Hacker Newsnew | past | comments | ask | show | jobs | submitlogin

I think the basic divide is something like "CRUD forms" vs "interactive applications".

I've built basic CRUD forms with ASP.NET MVC. I've built them with Rails. I've built them with React (+ a hundred random libraries). I've also built interactive "apps" in those languages.

Looking back, the amount of "interactivity" that React adds to a CRUD form is NOT worth the added complexity. But! Right now my dayjob is creating an _insanely_ complex app that you could not have done five years ago with Rails (or, like this presentation is about, something like Unpoly).

I think a problem is that React is just more _fun_ to work with than basic server stuff so devs want to work in it. The added complexity is worth it to have more fun. Maybe that's just me, though. I know a lot of people see React as a hammer to hit every nail with, and I was like that for a long time, but I'm starting to come back around to more server-driven use cases for simple sites.

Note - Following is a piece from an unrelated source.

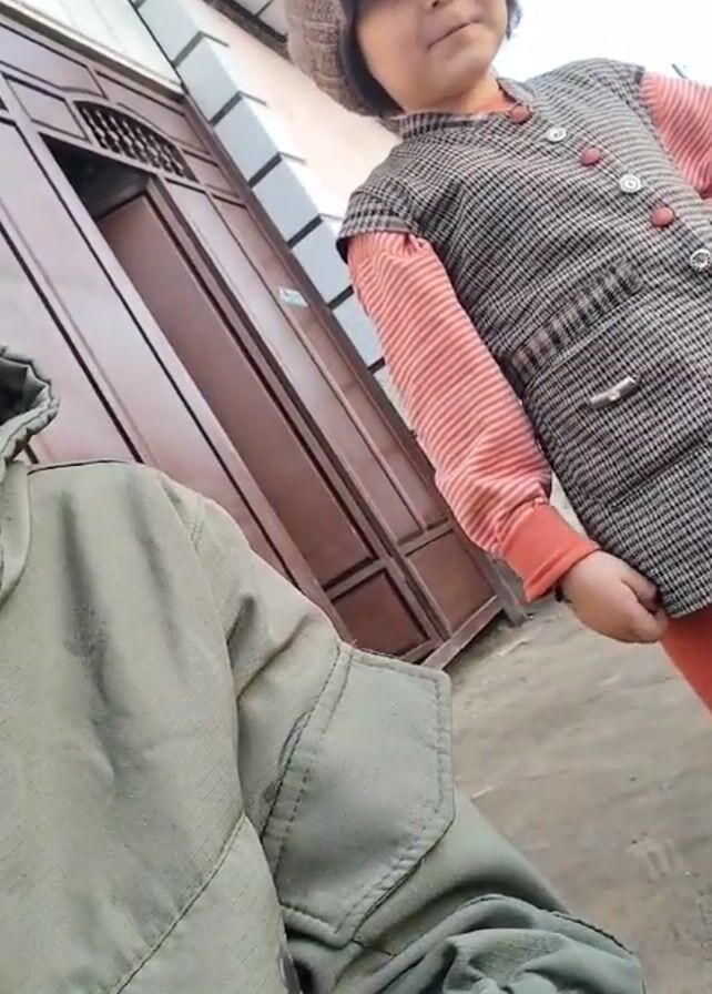 small child, likely a girl, standing outside near what appears to be a building or house with a brown door. She is wearing a brown newsboy cap, a pink and white striped long-sleeve shirt, a brown and grey plaid vest, and orange pants. Another person, whose face is not visible, is wearing a green jacket. At one point, the person in the green jacket reaches out to the girl, possibly to hold her hand or interact with her. The camera angle is low, looking up at the girl. The overall setting seems to be a residential area, possibly a driveway or walkway. The lighting suggests it is daytime.

I've been messing with Fresh a lot lately and it's a nice middle ground of defaulting to rendering _most_ stuff on the server, but you can have "islands" of interactivity that get sent to the client as JS. I'm not sure if it will end up gaining traction, but it's pretty nice.

https://fresh.deno.dev/



> CRUD form

This stands out to me as one of the cases very few JS frameworks have gotten right. Remix, with its "all mutations are just form actions" approach, is the only one that stands out to me as having done it well.


I agree with everything you said up to the part about fresh and deno, where it looks like you’re falling in the same trap of those wanting to use react. You don’t even notice it but this is the problem. Always thinking the next shiny tool will solve the problems.

Rails, Lararavel and similar frameworks are great for crud apps. No need for fresh or demo or svelte or next.js for that.


I don't think that Fresh or Deno will solve any problems that aren't already solved. In fact, there are a lot of very frustrating bits about Fresh that worked a lot nicer in i.e. Rails. I would not use Fresh in production right now; if I were making a generic CRUD app I would probably use something a lot easier and with a bigger community around it.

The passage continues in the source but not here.